Figure 10d presents the association of the health-related factors between polio and diphtheria. It is obvious that the relationship of the two factors is complex, but it generally illustrates a positive correlation and correlation value given by MIC is 0.801.
Figure 10e,f show two relationships which involve economic and social factors, and the corresponding correlation value are 0.72 and 0.714, respectively. Figure 10e demonstrates a rough positive correlation between income composition of resources and schooling. Figure 10f demonstrates the positive correlation between the percentage of expenditure and GDP, the points of relationship present an exponential distribution with a lot of noise.
The last two relationships in Figure 10g,h demonstrates two factors that have a strong association with life expectancy, and their correlation values are 0709 and 0.614, respectively. Figure 10g illustrates an obvious negative correlation between adult mortality and life expectancy, while Figure 10h illustrates the positive correlation between income composition of resources and life expectancy. Besides, the relationships shown in Figure 10e,g are very similar, both rough positive correlations.

5.3. Comparing QOTIC with MIC on GHO Dataset

For GHO dataset, the trivariate associations on trivariate variables are detected by QOTIC in Section 5.1, and the bivariate associations on pairwise variables are detected by MIC in Section 5.2. In this section, these two results will be made further comparative analysis on the performance of QOTIC and MIC. Table 5 shows the correlation value of the trivariate variable and the correlation value of the binary variable.
In Table 5, there are 7 groups compared case, and each trivariate association corresponds to three bivariate associations.
  • The first group of trivariate association is infant deaths, under-five deaths and life expectancy, and its correlation value is 0.942. In the three sets of bivariate associations, the correlation values of infant deaths, under-five deaths and life expectancy are 0.31, 0.342, and the correlation value of infant deaths and under-five deaths is 0.958.
  • The second group of trivariate association is thinness 1–19 years, thinness five to nine years and life expectancy, and its correlation value is 0.857. In the three sets of bivariate associations, the correlation values of thinness 1–19 years, thinness five to nine years and life expectancy are 0.386 and 0.384, respectively, while the correlation values of thinness 1–19 years and thinness five to nine years are 0.912.
  • The third group of trivariate association is polio, diphtheria and life expectancy, and its correlation value is 0.777. In the three sets of bivariate associations, the correlation values of polio, diphtheria and life expectancy are 0.298, 0.295, while the correlation value of polio and diphtheria is 0.801.
  • The fourth group of trivariate association is the percentage of expenditure, GDP and life expectancy, and its correlation value is 0.685. In the three sets of bivariate associations, the correlation values of the percentage of expenditure, GDP and life expectancy are 0.31 and 0.377, respectively, while the correlation value of the percentage of expenditure and GDP is 0.714.
  • The fifth group of trivariate association is income composition of resources, schooling and life expectancy, and its correlation value is 0.67. In the three sets of bivariate associations, the correlation values of income composition of resources, schooling and life expectancy are 0.614 and 0.497, respectively, while the correlation value of percentage expenditure and GDP is 0.72.
  • The sixth group of trivariate associations is Adult Mortality, percentage expenditure and life expectancy, and its correlation value is 0.642. In the three sets of bivariate associations, the correlation values of adult mortality, the percentage of expenditure and life expectancy are 0.709 and 0.31, respectively, while the correlation values of adult mortality and the percentage of expenditure are 0.22.
  • The seventh group of trivariate associations is adult mortality, GDP and life expectancy, and its correlation value is 0.64. In the three sets of bivariate associations, the correlation values of adult mortality, GDP and life expectancy are 0.709 and 0.377, respectively, while the correlation value of adult mortality and GDP is 0.284.
The seven groups of trivariate associations are all of the strong correlations in Section 5.1. By comparing the correlations with binary variables, these seven groups of trivariate associations can be divided into three categories.

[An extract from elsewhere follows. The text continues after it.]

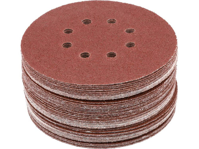 8 HOLES, 150MM DIAMETER, 40 GRIT, MATERIAL: ALUMINUM OXIDE, BACK: HOOK FASTENER, 50 PCS, BOND: EPOXY RESIN, COAT: SEMI-OPEN. ABRASIVE DISCS WITH SIX HOLES ARE INTENDED FOR SANDING PAINT, VARNISH, WOODEN AND METAL SURFACES. COOPERATING WITH OSCILLATING AND ERC-CENTRICAL SANDERS YT-82207, YT-82206
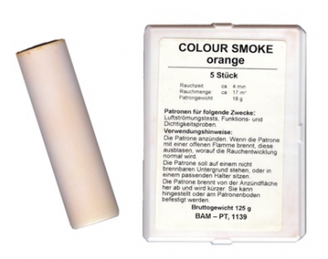 Lager tett røyk i opptil 4 minutter. Inneholder 5 patroner i hver pakke og levers i både hvit røyk og oransje røyk

The first category is the first to the fourth group. In this category, the relationship between each factor and life expectancy binary variables is weak, and the relationship between factor and factor is strong. The second category is the fifth group. One factor has a strong correlation with the binary variable of life expectancy, while the other factor has a weak correlation with the binary variable of life expectancy, and the binary variable between factor and factor has a strong correlation. The third category is the sixth and seventh groups. In this category, one factor has a strong correlation with the life expectancy binary variable, and the other factor has a weak correlation with the life expectancy binary variable. For the factor and the factor, the correlation between the binary variables is weak.
Moreover, for the two factors, although the bivariate associations formed by their respective combination with life expectancy is weakly correlated, the trivariate associations between the two factors and life expectancy is indeed strongly correlated. This also means that in the analysis of the impact of multiple factors on the target variable, if you only rely on the strength of the correlation between the binary variables to screen the factors, it may be discarded because of the weak correlation between the single factor and the target variable, ignoring the influence of other factors on the target variable combined with it.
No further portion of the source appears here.